(Records drawn from a dataset)
────────────────────────────────────────

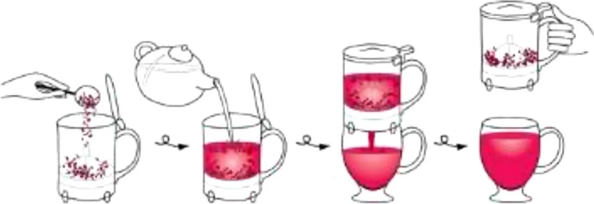 Je voegt de losse thee toe aan de Tea Maker, vervolgens voeg je heet water eraan toe. Even wachten en zet de Tea maker op je glas.
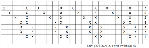 Rnds 20-26: Work 7 rows of chart around entire hat. You should have 15 ribbon motifs.
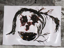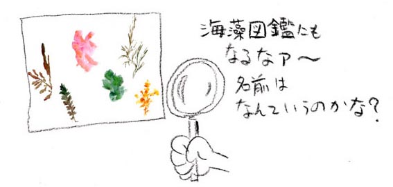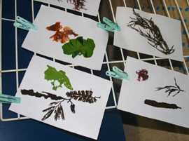 | ↓ いろんな種類の海藻をならべて・・ | ↑ 水に浮かべた海藻をそっと紙ですくい上げます。 |
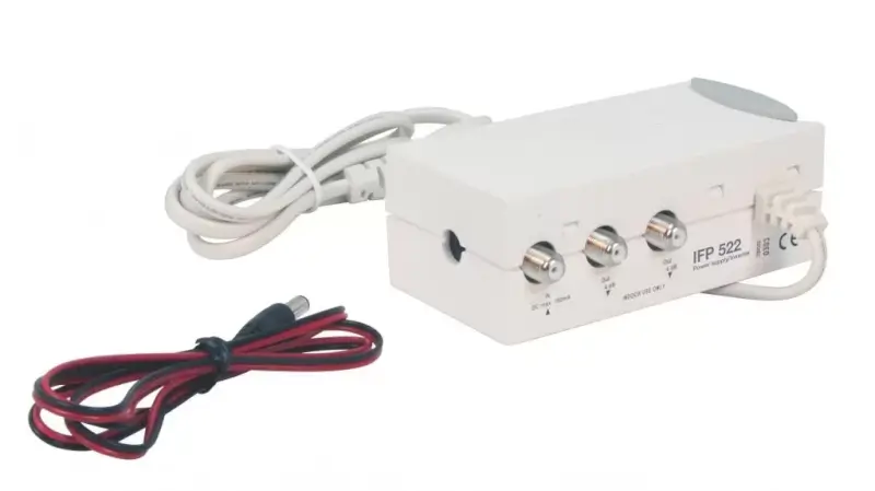 F-connector on all inputs. Simple and easy installation. The 2 outputs are equipped with auto-terminated F connector meaning that there is no need to terminate an un-used output. Including a power supply / inserter to power a UFO antenna when used in a camping-car and powered from the 12V DC delivered from the camping-car.
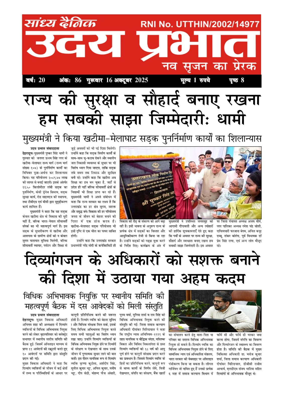 accidentBreaking NewsEntertainmentFashionFeaturedTraveluttrakhandweatherउत्तर प्रदेशएजुकेशनएंटरटेनमेंटक्राइमखेलदुनियादेशदेहरादूनधर्मराजनीतिराज्यसुर्खियांहेल्थ16 October, 2025…Newspaper October 17, 20250111 Quick Share
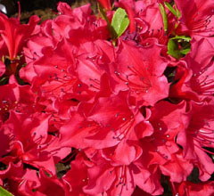 | ツツジの中で、一番大きな花を咲かせます。赤紫色の大輪の花を咲かせるところから「オオムラサキ」となりました。通常「ツツジ」と言えばこの種類を指すほどの代表種です。 | 別名として、キリシマ、ホンキリシマ、サタツツジと呼ばれることも。鉢植、切花によく使われます。他にも刈り込んで樹形を仕立てたり、生垣に用いたりと用途は多様です。 | 4月〜5月にかけて花を咲かせる落葉低木で、花色は白、ピンク、赤、紫と多彩。別名はリュウキュウツツジ、シロヨドガワツツジ。左のオオムラサキツツジも、この一種。 |
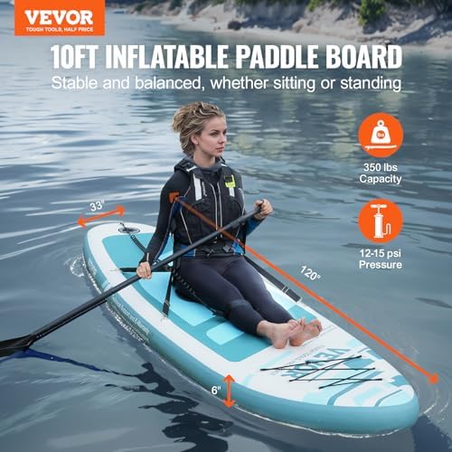 VEVOR Inflatable Stand Up Paddle Board, 10ft/10.6/11ft Wide SUP Paddleboard, with Board Accessories, Pump, Paddle, Fin, Phone Bag, Backpack, Ankle Leash, Repair Kit, Non-Slip Deck for Youth & Adults
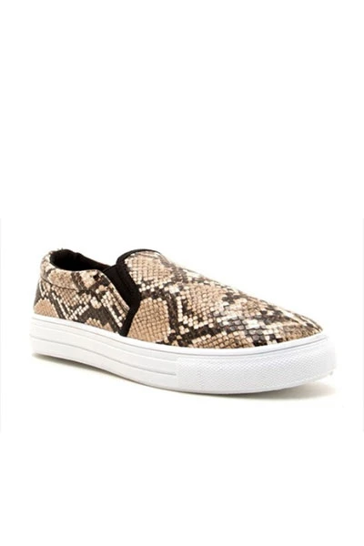 Casual slip on shoes. Unique brown snake print design adds a little flair to your outfit. Contrasting white sole. Comfortable and super easy to throw on and run around, without sacrificing style.
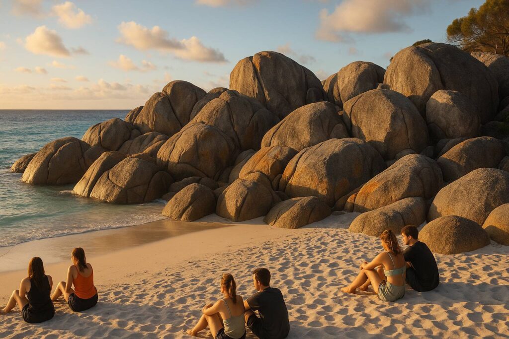 Spot lainnya adalah di ujung pantai, dekat perbatasan dengan Tanjung Kelayang. Naik ke batu granit tinggi-tinggi di situ, kamu bisa dapetin view 360 derajat yang bikin speechless. Sunset dari sana? Chef’s kiss.
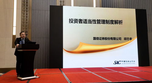 培训由宁夏证券期货基金业协会常务副会长兼秘书长冒万成主持,中国证券业协会面授培训讲师--国信证券经纪事业部副总裁胡忠孝博士为参训学员授课。宁夏证监局机构处负责人参加会议,并对辖区证券期货经营机构就投资者适当性管理、规范运作及提升服务等方面提出具体要求。
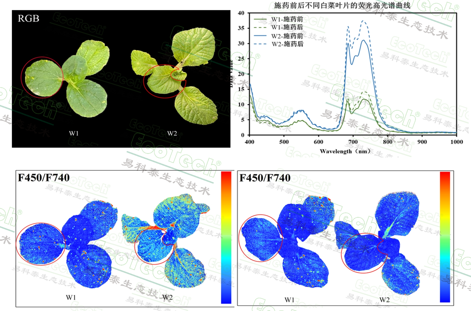 白菜苗的靶向農(nóng)藥篩選:上左圖:培養(yǎng)平臺上下兩層感染蚜蟲白菜苗RGB圖(W1上層,W2下層),紅圈部位為施藥葉片,其余為對照葉片;上右圖:W1、W2葉片施加吡蟲啉前后的熒光光譜;下圖: W1、W2葉片施藥前后F450/F740比值圖對比(左施藥前,右施藥后);施藥后葉片葉綠素熒光值升高,比值指數(shù)降低,蚜蟲導致的紅色斑點減少,說明吡蟲啉可有效祛除蚜蟲,且不會對植物造成不良影響(EcoTech®實驗室提供)

────────────────────────────────────────

### Problem details
The records above must be echoed exactly, minus their pictures.

### Your response
 Je voegt de losse thee toe aan de Tea Maker, vervolgens voeg je heet water eraan toe. Even wachten en zet de Tea maker op je glas.
 Rnds 20-26: Work 7 rows of chart around entire hat. You should have 15 ribbon motifs.
 | ↓ いろんな種類の海藻をならべて・・ | ↑ 水に浮かべた海藻をそっと紙ですくい上げます。 |
 F-connector on all inputs. Simple and easy installation. The 2 outputs are equipped with auto-terminated F connector meaning that there is no need to terminate an un-used output. Including a power supply / inserter to power a UFO antenna when used in a camping-car and powered from the 12V DC delivered from the camping-car.
 accidentBreaking NewsEntertainmentFashionFeaturedTraveluttrakhandweatherउत्तर प्रदेशएजुकेशनएंटरटेनमेंटक्राइमखेलदुनियादेशदेहरादूनधर्मराजनीतिराज्यसुर्खियांहेल्थ16 October, 2025…Newspaper October 17, 20250111 Quick Share
 | ツツジの中で、一番大きな花を咲かせます。赤紫色の大輪の花を咲かせるところから「オオムラサキ」となりました。通常「ツツジ」と言えばこの種類を指すほどの代表種です。 | 別名として、キリシマ、ホンキリシマ、サタツツジと呼ばれることも。鉢植、切花によく使われます。他にも刈り込んで樹形を仕立てたり、生垣に用いたりと用途は多様です。 | 4月〜5月にかけて花を咲かせる落葉低木で、花色は白、ピンク、赤、紫と多彩。別名はリュウキュウツツジ、シロヨドガワツツジ。左のオオムラサキツツジも、この一種。 |
 VEVOR Inflatable Stand Up Paddle Board, 10ft/10.6/11ft Wide SUP Paddleboard, with Board Accessories, Pump, Paddle, Fin, Phone Bag, Backpack, Ankle Leash, Repair Kit, Non-Slip Deck for Youth & Adults
 Casual slip on shoes. Unique brown snake print design adds a little flair to your outfit. Contrasting white sole. Comfortable and super easy to throw on and run around, without sacrificing style.
 Spot lainnya adalah di ujung pantai, dekat perbatasan dengan Tanjung Kelayang. Naik ke batu granit tinggi-tinggi di situ, kamu bisa dapetin view 360 derajat yang bikin speechless. Sunset dari sana? Chef’s kiss.
 培训由宁夏证券期货基金业协会常务副会长兼秘书长冒万成主持,中国证券业协会面授培训讲师--国信证券经纪事业部副总裁胡忠孝博士为参训学员授课。宁夏证监局机构处负责人参加会议,并对辖区证券期货经营机构就投资者适当性管理、规范运作及提升服务等方面提出具体要求。
 白菜苗的靶向農(nóng)藥篩選:上左圖:培養(yǎng)平臺上下兩層感染蚜蟲白菜苗RGB圖(W1上層,W2下層),紅圈部位為施藥葉片,其余為對照葉片;上右圖:W1、W2葉片施加吡蟲啉前后的熒光光譜;下圖: W1、W2葉片施藥前后F450/F740比值圖對比(左施藥前,右施藥后);施藥后葉片葉綠素熒光值升高,比值指數(shù)降低,蚜蟲導致的紅色斑點減少,說明吡蟲啉可有效祛除蚜蟲,且不會對植物造成不良影響(EcoTech®實驗室提供)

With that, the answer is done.